Follow the yellow brick road Image by Quatro Cinco, used with permission, Flickr Creative Commons.

This README is a guide for developers, if you're new to Yellowbrick, get started at our documentation.

What is Yellowbrick?

Yellowbrick is a suite of visual diagnostic tools called "Visualizers" that extend the Scikit-Learn API to allow human steering of the model selection process. In a nutshell, Yellowbrick combines Scikit-Learn with Matplotlib in the best tradition of the Scikit-Learn documentation, but to produce visualizations for your models!

Visualizers

Visualizers

Visualizers are estimators (objects that learn from data) whose primary objective is to create visualizations that allow insight into the model selection process. In Scikit-Learn terms, they can be similar to transformers when visualizing the data space or wrap an model estimator similar to how the "ModelCV" (e.g. RidgeCV, LassoCV) methods work. The primary goal of Yellowbrick is to create a sensical API similar to Scikit-Learn. Some of our most popular visualizers include:

Feature Visualization

  • Rank2D: pairwise ranking of features to detect relationships
  • Parallel Coordinates: horizontal visualization of instances
  • Radial Visualization: separation of instances around a circular plot

Classification Visualization

  • Class Balance: see how the distribution of classes affects the model
  • Classification Report: visual representation of precision, recall, and F1
  • ROC/AUC Curves: receiver operator characteristics and area under the curve

Regression Visualization

  • Prediction Error Plots: find model breakdowns along the domain of the target
  • Residuals Plot: show the difference in residuals of training and test data
  • Alpha Selection: show how the choice of alpha influences regularization

Text Visualization

  • Term Frequency: visualize the frequency distribution of terms in the corpus
  • TSNE: use stochastic neighbor embedding to project documents.

And more! Visualizers are being added all the time, be sure to check the examples (or even the develop branch) and feel free to contribute your ideas for Visualizers!

Using Yellowbrick

The Yellowbrick API is specifically designed to play nicely with Scikit-Learn.

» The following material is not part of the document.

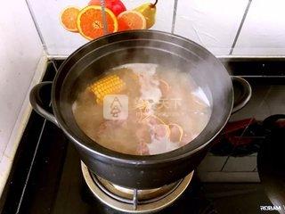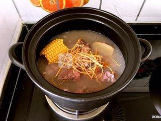 5、放入玉米段,再用旺火燒沸20分鐘。最后倒入鮮蟲草花,再續(xù)煮15分鐘。
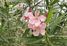 夹竹桃,又名红花夹竹桃、欧洲夹竹桃,是夹竹桃科夹竹桃属的一种常绿直立大灌木,枝条灰绿色,含水液。叶披针形,3叶轮生。聚伞花序顶生,花冠粉红至深红色,花冠漏斗状,有特殊香味。蓇葖果,圆柱形。种子长圆形,…全部>>

Here is an example of a typical workflow sequence with Scikit-Learn and Yellowbrick:

Feature Visualization

In this example, we see how Rank2D performs pairwise comparisons of each feature in the data set with a specific metric or algorithm, then returns them ranked as a lower left triangle diagram.

from yellowbrick.features import Rank2D

visualizer = Rank2D(features=features, algorithm='covariance')
visualizer.fit(X, y)                # Fit the data to the visualizer
visualizer.transform(X)             # Transform the data
visualizer.poof()                   # Draw/show/poof the data

Model Visualization

In this example, we instantiate a Scikit-Learn classifier, and then we use Yellowbrick's ROCAUC class to visualize the tradeoff between the classifier's sensitivity and specificity.

from sklearn.svm import LinearSVC
from yellowbrick.classifier import ROCAUC

model = LinearSVC()
model.fit(X,y)
visualizer = ROCAUC(model)
visualizer.score(X,y)
visualizer.poof()

For additional information on getting started with Yellowbrick, check out our examples notebook.

We also have a quick start guide.

Contributing to Yellowbrick

Yellowbrick is an open source tool designed to enable more informed machine learning through visualizations. If you would like to contribute, you can do so in the following ways:

This repository is set up in a typical production/release/development cycle as described in A Successful Git Branching Model. A typical workflow is as follows:

  1. Select a card from the dev board - preferably one that is "ready" then move it to "in-progress".

  2. Create a branch off of develop called "feature-[feature name]", work and commit into that branch.

    ~$ git checkout -b feature-myfeature develop
    
  3. Once you are done working (and everything is tested) merge your feature into develop.

    ~$ git checkout develop
    ~$ git merge --no-ff feature-myfeature
    ~$ git branch -d feature-myfeature
    ~$ git push origin develop
    
  4. Repeat. Releases will be routinely pushed into master via release branches, then deployed to the server.